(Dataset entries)
*** Block opens ***
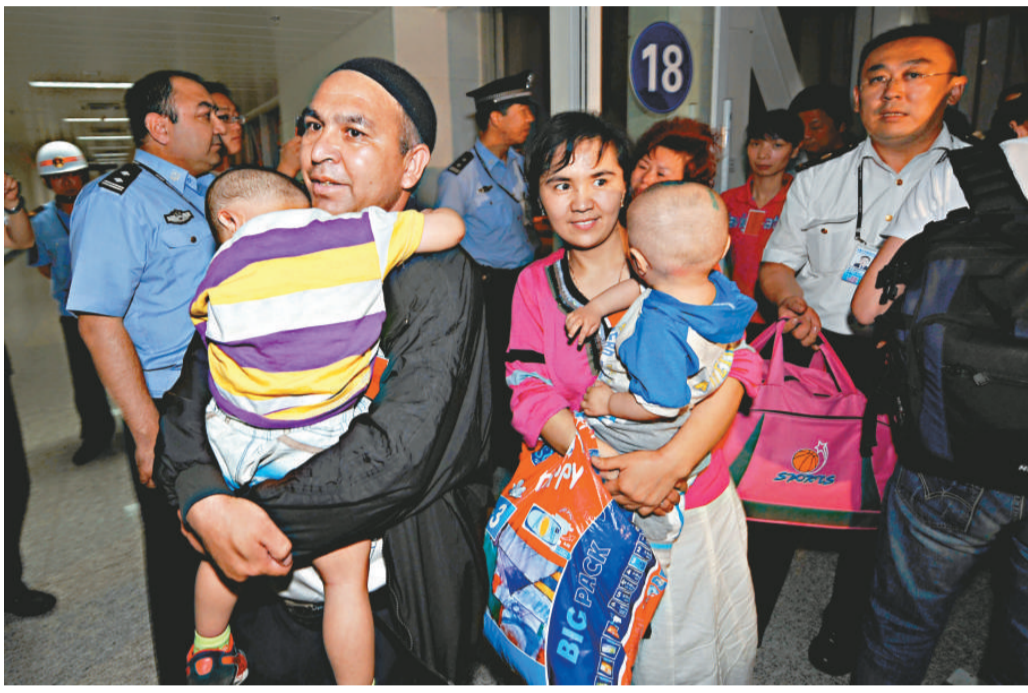
▲六月十五日，乘坐南航包機抵達烏魯木齊的撤僑走出機場廊橋

據悉，分布在吉國南部奧什、巴特肯和賈拉拉巴德等地有逾千名中國公民，其中600餘人要求盡快回國。中國政府高度重視在吉中國公民的安全，由外交部牽頭組成的兩個工作組已於14日分別趕赴吉爾吉斯斯坦和烏魯木齊協助開展撤僑工作。
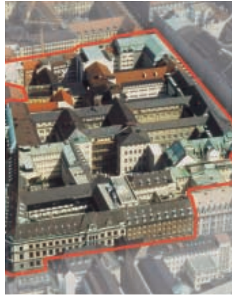
Fünf Höfe, München
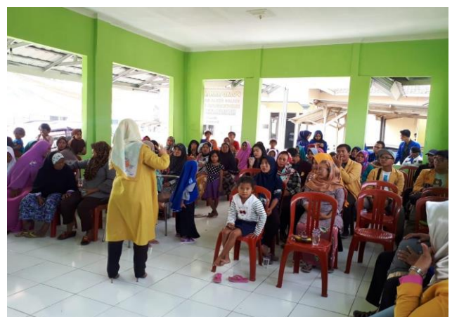
Gambar 4. Kegiatan Seminar Wirausaha
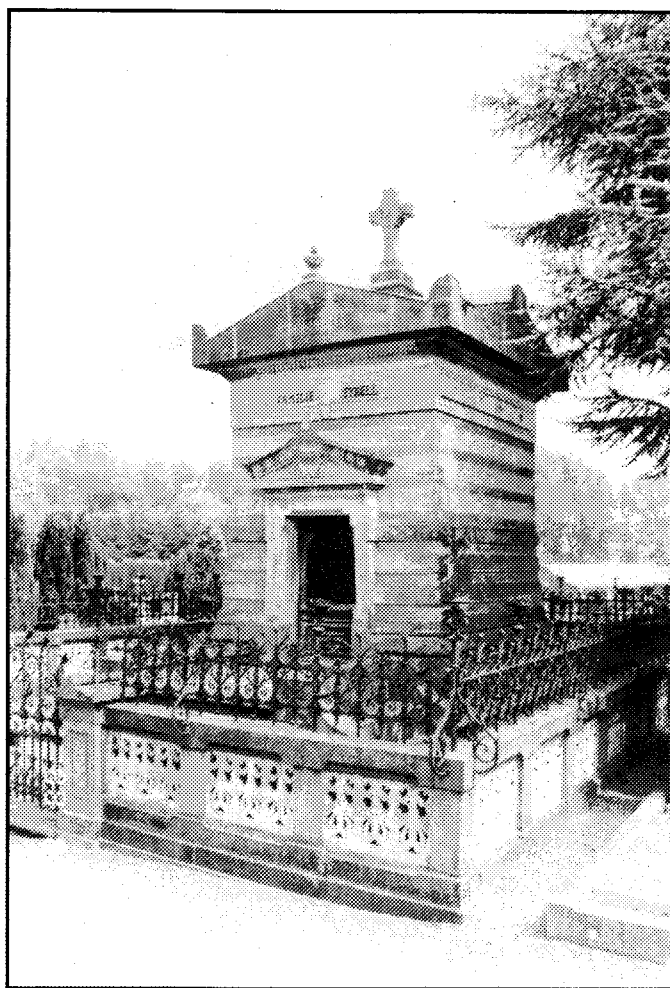
Neo-classicistische grafkapel van de familie Tyrell te Vaals. In 1990 Beschermde als Rijksmonument.
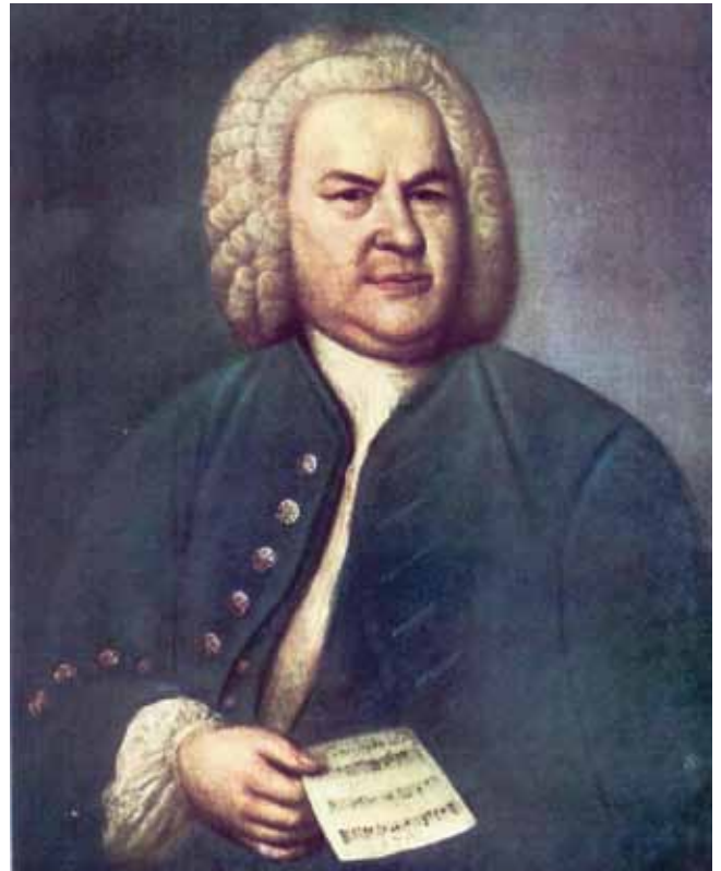
Johann Sebastian Bach, Ölgemälde von Elias Gottlob Haußmann, 1746
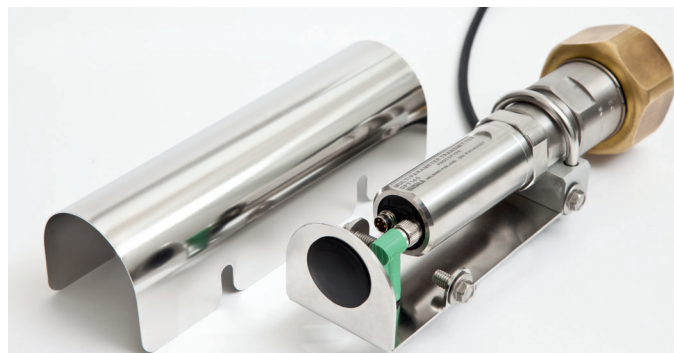
配有室外防护罩的DPT145

维萨拉拥有七十多年的丰富测量经验与知识。DPT145将成熟的DRYCAP®露点传感器技术和BAROCAP®压力传感器技术集成于一体，为SF6气体监测提供了创新便利的解决方案。
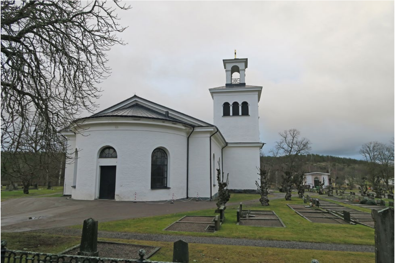
Kyrkan före åtgärd.
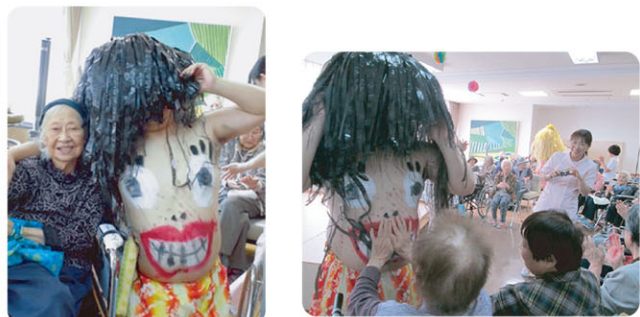
くねくね動く立派なおなか！ お誕生会は大爆笑でした♪
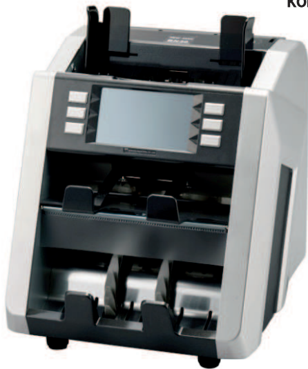
KON MODEL BN16A
*** Block closes ***
_Description of the task_. The answer must be an exact copy of the lines from the start of the records above through the line containing "Gambar 4. Kegiatan Seminar Wirausaha", with no pictures in it.

_Exercise response_.
▲六月十五日，乘坐南航包機抵達烏魯木齊的撤僑走出機場廊橋

據悉，分布在吉國南部奧什、巴特肯和賈拉拉巴德等地有逾千名中國公民，其中600餘人要求盡快回國。中國政府高度重視在吉中國公民的安全，由外交部牽頭組成的兩個工作組已於14日分別趕赴吉爾吉斯斯坦和烏魯木齊協助開展撤僑工作。
Fünf Höfe, München
Gambar 4. Kegiatan Seminar Wirausaha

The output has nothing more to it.